SUPREME COURT OF THE STATE OF NEW YORK Appellate Division, Fourth Judicial Department
February 6, 2009
THE PEOPLE OF THE STATE OF NEW YORK, RESPONDENT,
CONSTANTINE JACKSON, DEFENDANT-APPELLANT.
Appeal from a resentence of the Supreme Court, Onondaga County (John J. Brunetti, A.J.), rendered October 6, 2006. Defendant was resentenced to an indeterminate term of imprisonment of 15 years to life upon his conviction of murder in the second degree.
Published by New York State Law Reporting Bureau pursuant to Judiciary Law § 431.
This opinion is uncorrected and subject to revision before publication in the Official Reports.
PRESENT: SMITH, J.P., CENTRA, FAHEY, PERADOTTO, AND PINE, JJ.
It is hereby ORDERED that the resentence so appealed from is unanimously affirmed.
Defendant was convictedupon his plea of guilty of murder in the second degree (Penal Law § 125.25 ), and he appeals from the resentence on that conviction. During the plea colloquy, Supreme Court expressed its intent to order that defendant's sentencerun consecutively to a prior undischarged sentence. Defendant stated that he understood the court's intention, and he then entered his plea of guilty. During sentencing, however, the court failed to state on the record that the sentence was to run consecutively to the prior sentence. The court granted the People's motion to correct the error after the People discovered that the sentences were running concurrently, and the court resentenced defendant to an indeterminate term of 15 years to life, to run consecutively to the prior sentence. We affirm.
A court has the inherent power to correct its mistake in sentencing a defendant where the mistake is clear from the record and the correction fully comports with the expectations of the parties at the time of sentencing (see People v Richardson, 100 NY2d 847, 850-851; Matter of Campbell v Pesce, 60 NY2d 165, 169). Here, the record establishes that the court unequivocally expressed its intent to order that the sentence run consecutively to the prior sentence during the plea colloquy, and there is no indication that the failure to do so was anything other than a mere oversight. Because the corrected sentence conforms to the parties' expectations, the correction was proper (see People v Wright, 56 NY2d 613, 615; People v Minaya, 54 NY2d 360, 364-365, cert denied 455 US 1024; see also People v Fountaine, 8 AD3d 1107, lv denied 3 NY3d 706).

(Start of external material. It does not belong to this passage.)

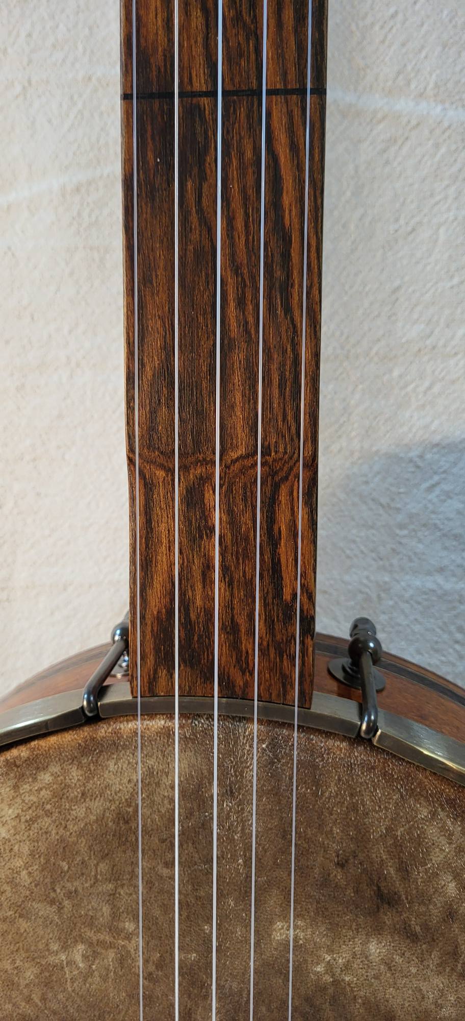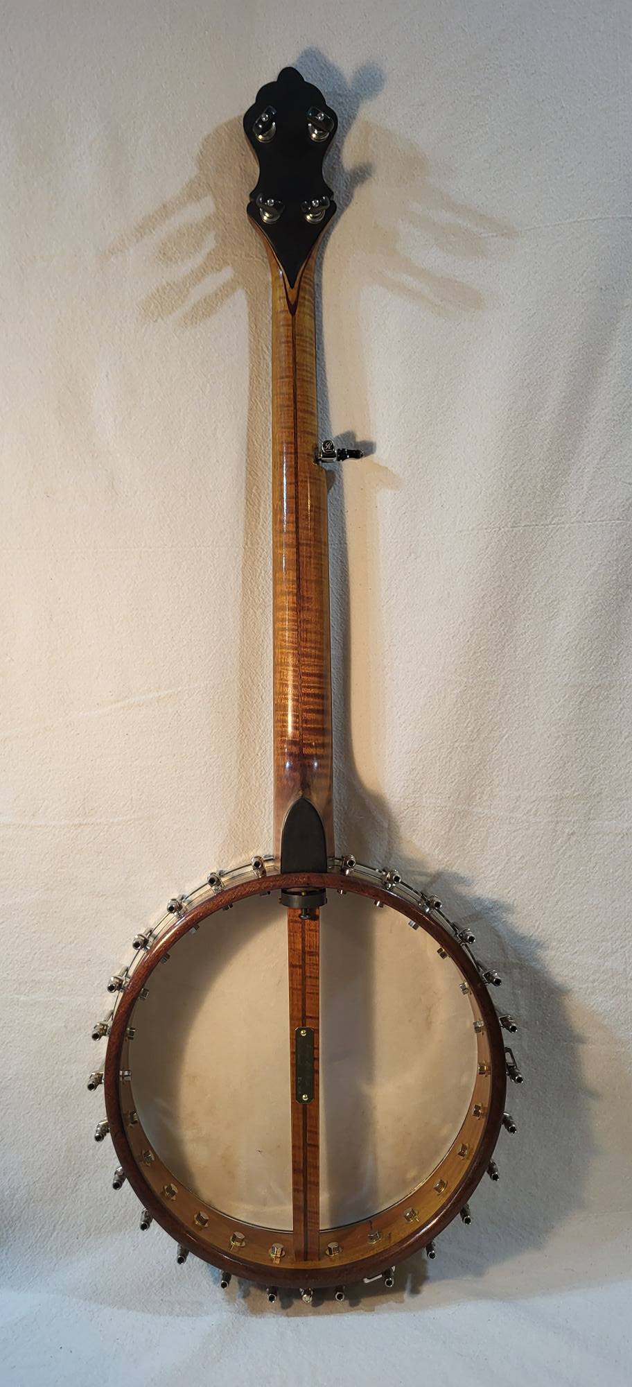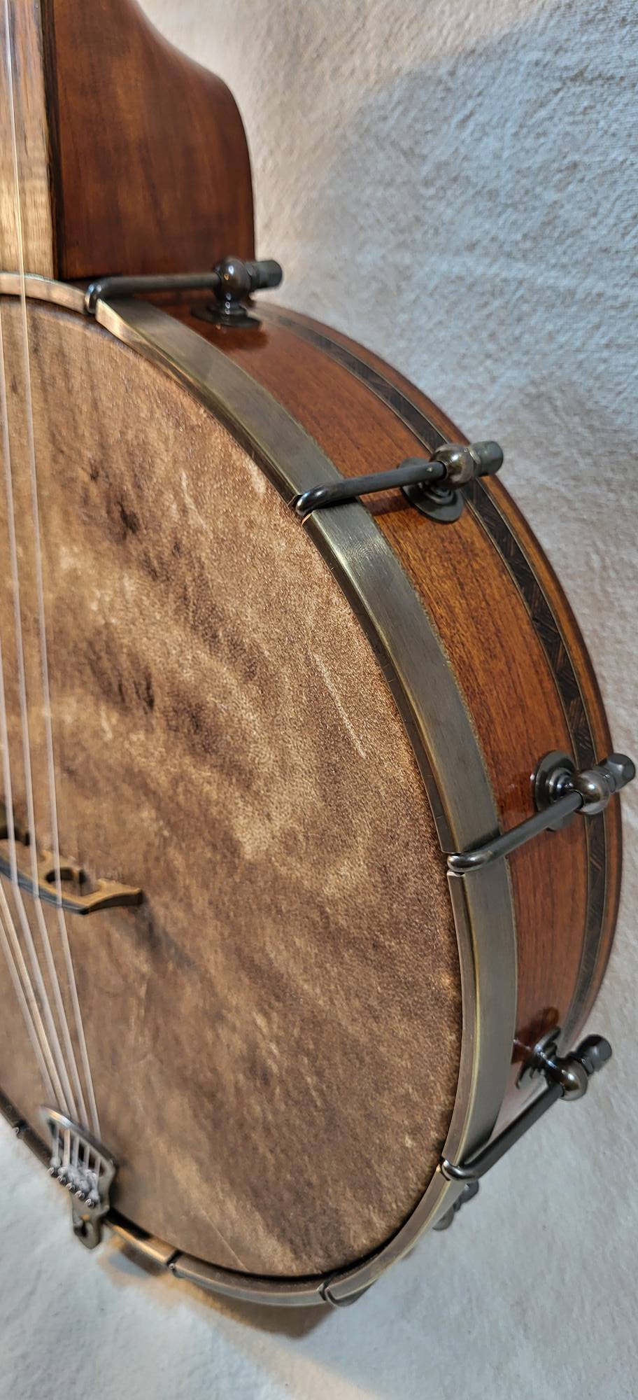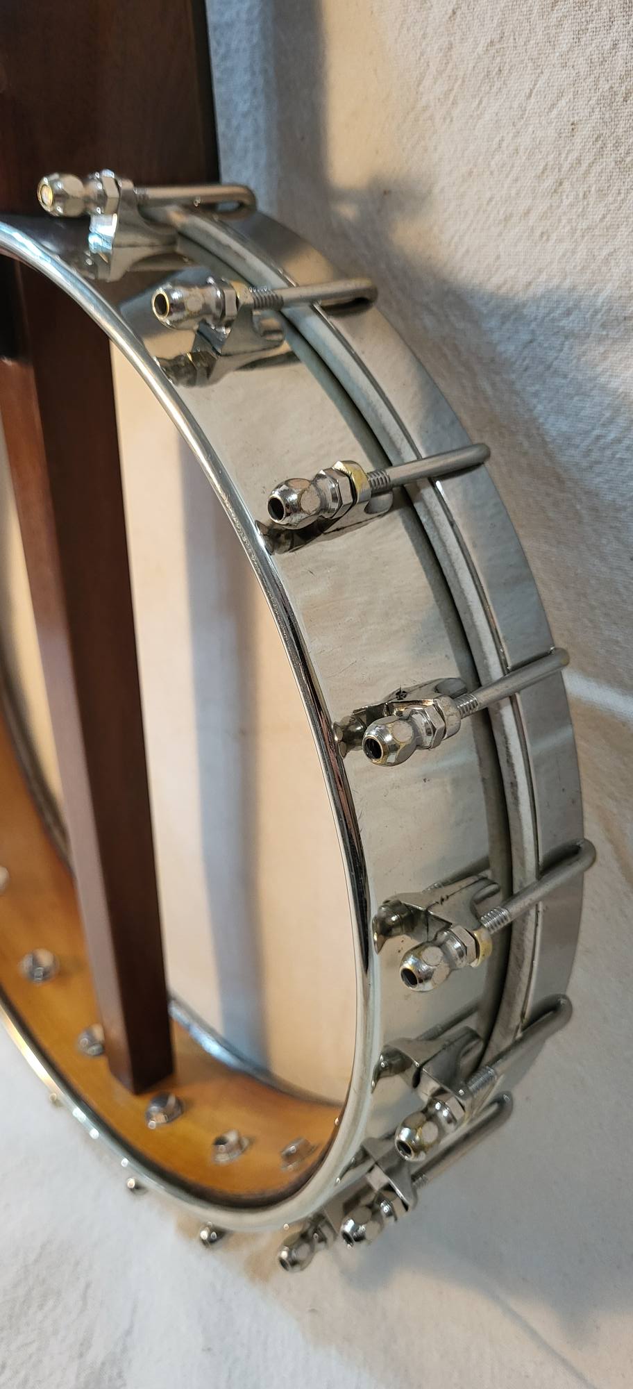 11 inches curly maple rim with a grenadillo rim cap and marquetry binding. Round rod tone ring , 3 inches deep pot ,

We thus reject the further contention of defendant that the court abused its discretion in denying his postjudgment motion to withdraw the plea on the ground that he expected that the sentence would run concurrently with the prior sentence at the time he entered his plea (cf. People v Bobo, 41 AD3d 129, lv denied 9 NY3d 873; People v Ford, 143 AD2d 522). Indeed, on the record before us, there is no "evidence of innocence, fraud, or mistake in inducing the plea" (People v Pane, 292 AD2d 850, 850, lv denied 98 NY2d 653).